MotionPrior

The diffusion-based text-to-image generation has achieved remarkable progress and realistic content generation performance, greatly promoting the development of text-to-video generation. Although equipped with powerful image diffusion models, video generation modeling still requires massive labeled data and a high training resource cost. Recently, some work has focused on cost-effective video generation in a one-shot or few-shot manner based on the image diffusion model with the least demand for video data and computing resources. However, these video generation models only support the generation of one motion pattern. It raises the question: How can we improve generation freedom with a light training burden? In this paper, we explore the cost-effective video generation for adaptive motion concepts by learning motion priors from a small set of video data.

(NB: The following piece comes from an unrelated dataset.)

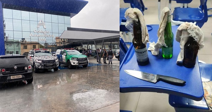 Manaus – Um adolescente de 12 anos que atacou colegas com uma machadinha na tarde desta segunda-feira (10), em uma escola particular na Rua Marciano Armond, bairro Cachoeirinha, zona sul de Manaus, já tinha histórico de agressividade, exaltava massacres e levou outras armas dentro da mochila. O jovem é aluno da unidade de ensino do 7º ano e pretendia atingir pelo menos 12 estudantes. Segundo informações, o estudante já passou por outros ataques de raiva dentro da escola.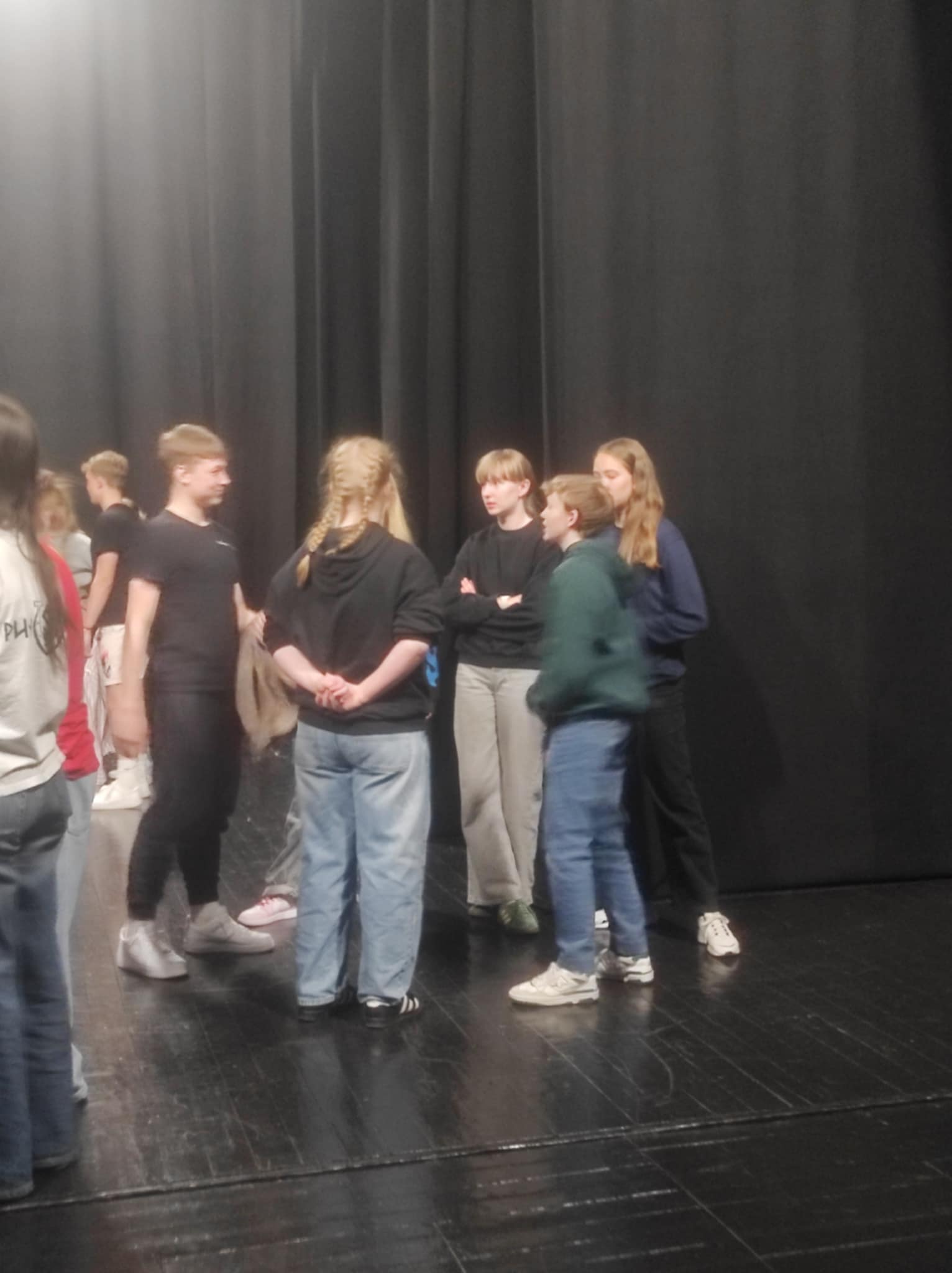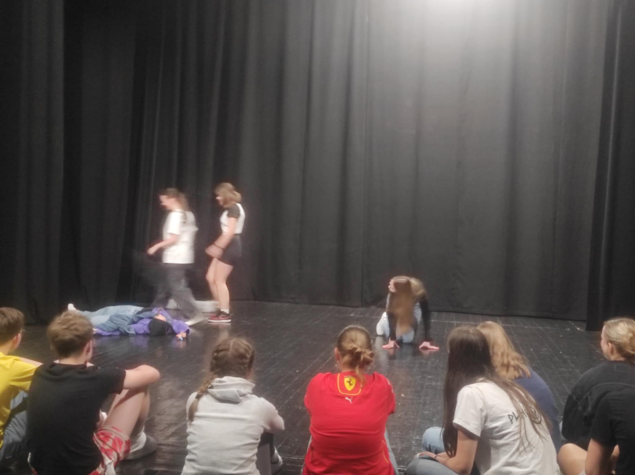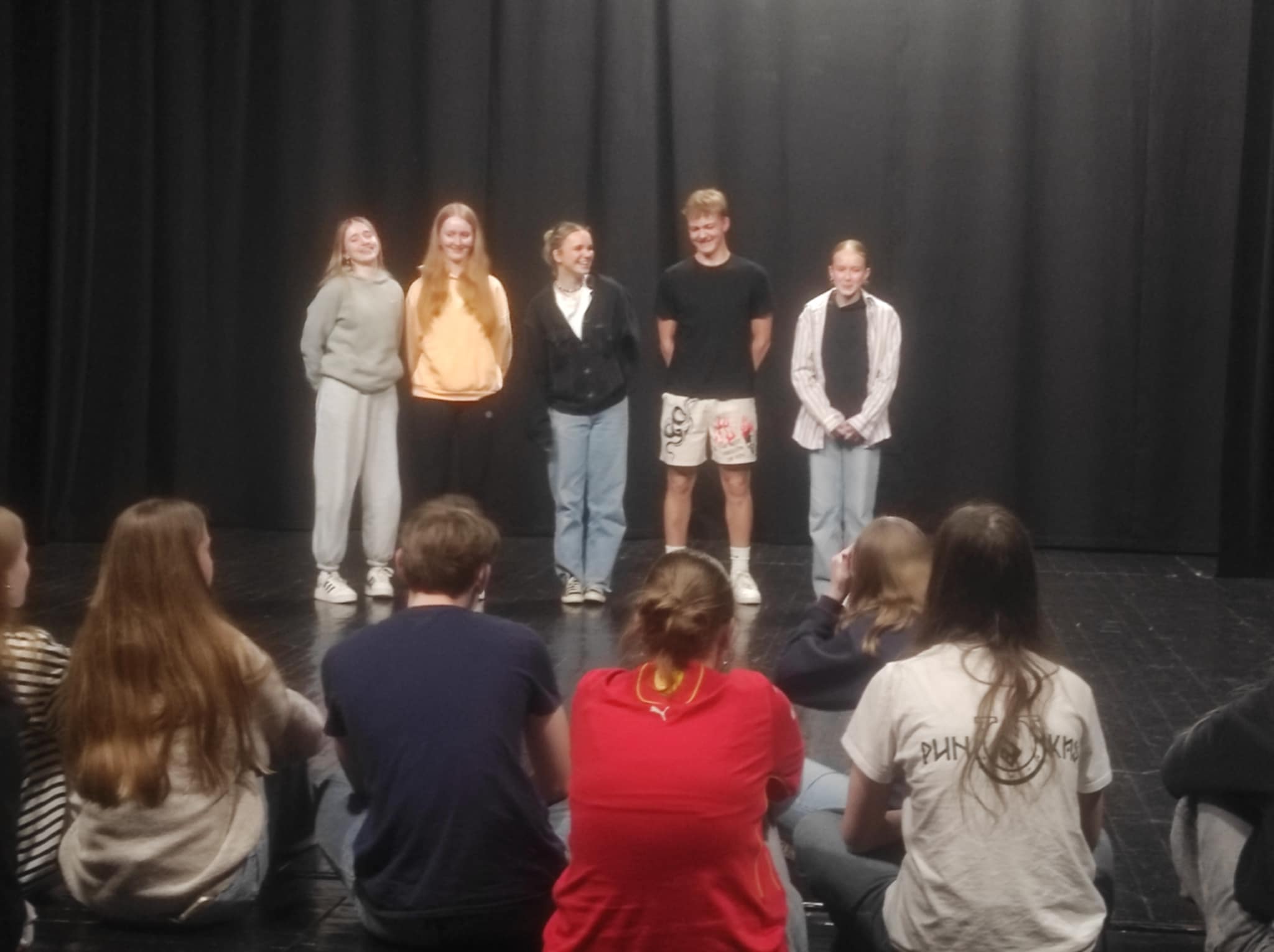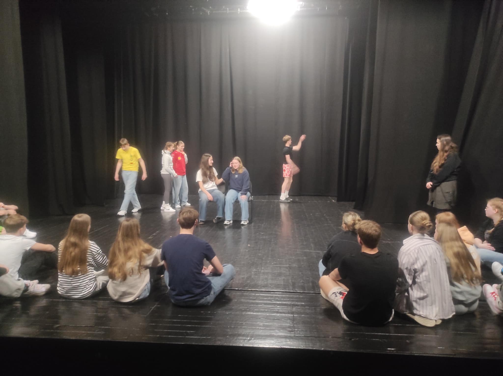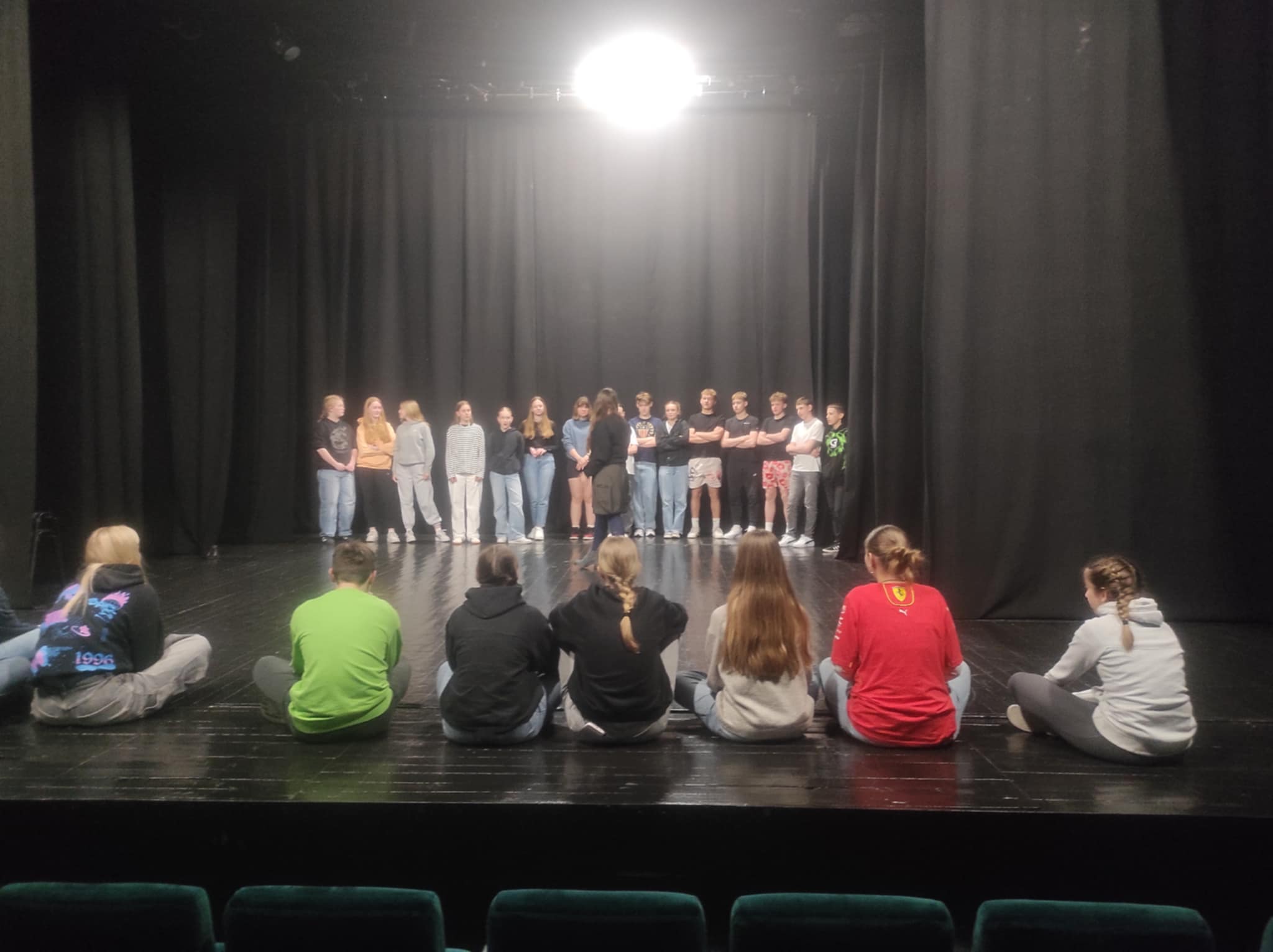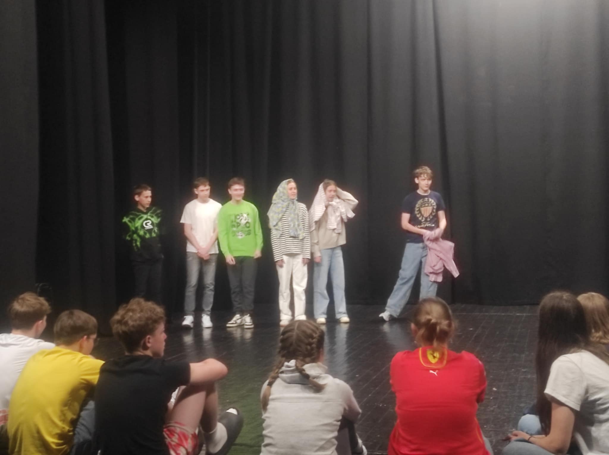 Pradžioje dalyvavome ,,Diskusijų spektaklyje kryžkelėje”. Ten aktoriai atliko dvi etiudas. Mums reikėjo rasti antagonistą ir ištaisyti jo klaidas. Buvo labai smagu. Po to dalyvavome edukaciniuose užsiėmimuose ,,Scenos kalba”. Jų metu sužaidėme grupinius, koncentracijos žaidimus. Turėjome progos sukurti savo trumpus pasirodymus. Užsiėmimai buvo labai įdomūs ir nors trumpam įvedė mus į teatro pasaulį.

Specifically, we construct a learnable bank for motion concepts and propose the Dual-Semantic-guided Motion Attention module to locate the corresponding concept from the bank with the guidance of textual semantic and visual semantic. The extracted motion priors are inserted into video latents via the lightweight motion injection layer, which integrates motion semantic effectively with much fewer parameters compared to the conventional temporal attention layer. In addition, we introduce a temporal-aware noise prior and an inter-frame consistency constraint to strengthen the learning of temporal dependency and improve video smoothness. Extensive experiments validate that the proposed method can learn motion priors adaptively from a small set of training videos to generate smooth videos that involve single or multiple motion concepts. The results demonstrate that our method achieves superior performance compared to existing few-shot video generation methods and even some large-scale video generation models.